Yaşı yaşıma yakın ama 50-55 olsun...
Taş Bebek’in beynindeki ‘YAKIN’ kavramı bayağı bir ‘UZAK’ demek ki...
Milliyet, 19 nisan
Not: Gönül Yazar’dan bahsedince, aklıma, bir zamanlar arkadaşım Berrin’in köşesinde okuduğum bir hadise geldi, şöyle yazmıştı Berrin:
Gönül Yazar TBMM’de
Dün sabah telefonda tanıdık bir ses sordu:
– Berrin Hanım, önceki gün sabaha karşı, saat 3’ü geçerken, Gönül Yazar Meclis’te söz alarak kürsüye gelmek istedi; duydunuz mu?
- Haydi canım, ne işi var Gönül Yazar’ın milletvekili dışında kimsenin giremediği Meclis Genel Kurulu’nda? Hem de gecenin 3’ünde?

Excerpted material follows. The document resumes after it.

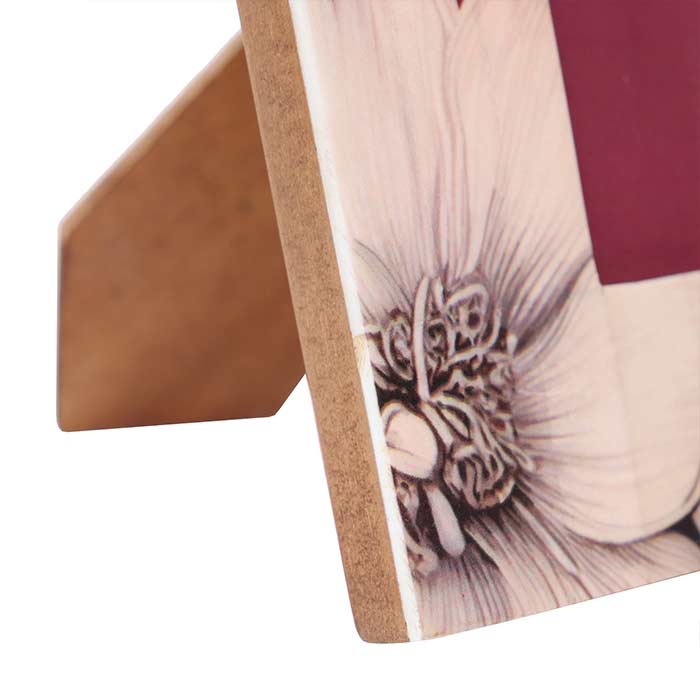Portafoto con struttura in legno e cornice in osso stampato con decoro floreale. Per foto 10x15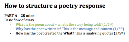 - This is key: don’t try to teach writing structure with new content (a recently studied poem, novel etc). Use simple texts.

– Anlatayım. Gece saat 3’tü. 13 saattir toplantı halinde olan milletvekilleri de, Genel Kurul’u yönetmekte olan Meclis Başkanvekili Murat Sökmenoğlu da yorgunluktan perişan haldeydik... Sökmenoğlu, söz isteyen milletvekillerinin adını okurken, DSP Amasya Milletvekili Gönül Saray Alphan diyeceğine "Gönül Yazar" deyiverdi... Sökmenoğlu özür diledi, Alphan da güldü geçti... (Milliyet, 8 Haziran 2001)
*
SERİN DURUŞ’tan araks
- Öz Büyücü (Etv'nin "The Wizard of Oz" çevirisi)
- Kendi albümümü beğenerek dinliyorum, ne de olsa kendi sesim gibi gelmiyor... (Esra Balamir)
- İnanılmaz bir sapık eyyamcılık içerisindesiniz, bakın bunu hakaret olarak algılamayın!.. (Ahmet Çakar)
- Kokorecin alt tarafı Alex, üst tarafı Cordoba (Penaltı atılırken ceza sahası içinde sadece Alex ile Cordoba kalmalı, demeye çalışan Erman Toroğlu)
Milliyet, 19-21 nisan
*
ENTEL FİKFİK
Ailenizin gazetesi (!) Şok’un muhteşem AİLE REHBERİ sayfasından bir manşet ve bir spot.
Manşet: Seksin unutulmaz ilk ve son anları
Spot muhteşem: Sevişmeden aldığımız zevki doruk anıyla ölçmek yerine olayın bütününe bakmayı başarabilirsek seksin o muhteşem anlarını yakalayabiliriz...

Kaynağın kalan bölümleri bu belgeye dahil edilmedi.